Henry Matisse biography
Holly Matisse (1869–1954)
The french language painter, given birth to in Picardy. He researched art in Paris, replicated pictures in the Louvre and was influenced by the Impressionists, Cézanne and Gauguin. In 1905 he became the leader of a revolutionary group of music artists, labelled ‘Les Fauves’ (‘wild beasts’).
To them color was result in itself and its use was unconnected with the colour in the subject pictured. Matisse protected large unbroken areas with colour, ignoring perspective as well as the distortion their absence produced, but learning about new attractive effects by vibrancy and luminosity in the colour by itself, yet although effect of his work was to hasten the arrival of abstract artwork, he himself was not a great abstract artist.
Similarly, though his color patterns often took geometrical shapes he was never a Cubist. The truth is as the years went by he reduced the element of physical violence, and ‘balance, purity and moderation’ started to be his aspires. Just as fruit and flowers supplied him with attractive themes therefore did ladies – his Odalisques decorate and joy but communicate no sensual message. After a period in which his pictures started to be smaller and less spontaneous, he was again, in the 1930s, looking for bolder results.

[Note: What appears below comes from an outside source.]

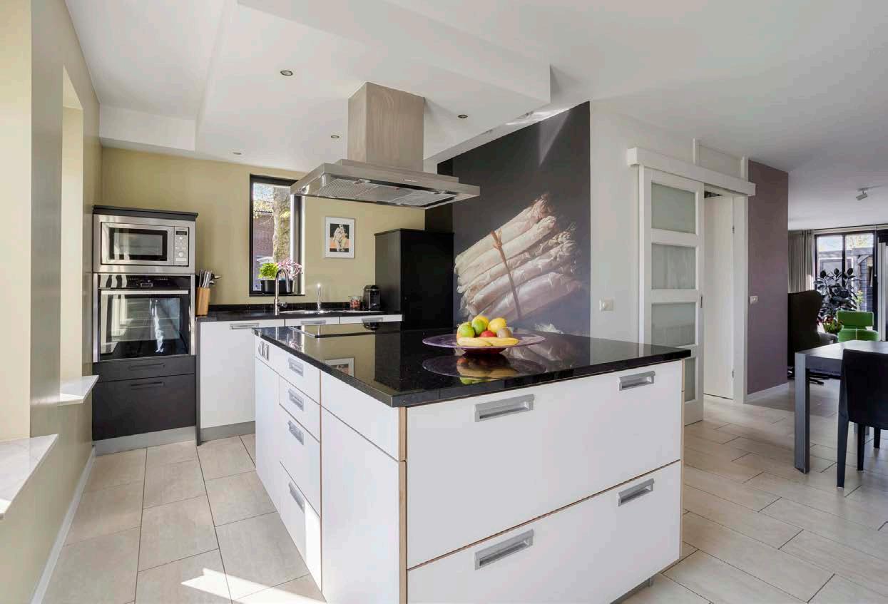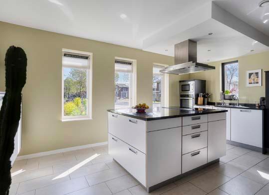 Aan de voorzijde bevindt zich de stijlvolle keuken: een droom voor iedere thuiskok! Het moderne kookeiland, met 5-pits inductiekookplaat, vormt het hart van de ruimte. Daarnaast biedt de keuken voldoende opbergruimte, een heetwaterkraan, koel/vriescombinatie, oven, magnetron en een vaatwasser. Hier zet je moeiteloos een driegangendiner op tafel voor vrienden of familie.

A commission payment for the Barnes Foundation (Pennsylvania) allowed him to attempt murals. His last years were generally devoted to developing and decorating with decals and stained glass a Dominican church at Vence near Nice, but even though he was more than 80 this individual showed his versatility within a new way by using attractive collages (paper cutouts) as an art form.
Holly Matisse resource
Henry Matisse (1869–1954)
French artist, born in Picardy. This individual studied art in Paris, copied images in the Louvre and was influenced by Impressionists, Cézanne and Gauguin. In 1905 he became the leader of the revolutionary band of artists, labelled ‘Les Fauves’ (‘wild beasts’).
To them colour was end in alone and its work with was unconnected with the colour of the subject matter portrayed. Matisse covered large unbroken areas with coloring, disregarding perspective and the contortion its lack produced, but discovering fresh decorative results by the vibrancy and luminosity of the colour itself, but though the effect of his job was to accelerate the appearance of summary art, this individual himself has not been an summary painter.
Similarly, though his colour patterns often had taken geometrical shapes he was by no means a Cubist. In fact while the years went by he lowered the component of violence, and ‘balance, chastity and moderation’ became his aims. In the same way fruit and flowers supplied him with decorative topics so performed women – his Odalisques adorn and delight but convey zero sensual message. After a period by which his photographs became smaller and less spontaneous, he was once again, in the 1930s, seeking bolder effects.
A commission for the Barnes Foundation (Pennsylvania) allowed him to undertake murals. His previous years had been mainly devoted to designing and decorating with murals and stained cup a Dominican chapel by Vence around Nice, nevertheless even when having been over eighty he confirmed his flexibility in a fresh way through the use of decorative collages (paper cutouts) as an art.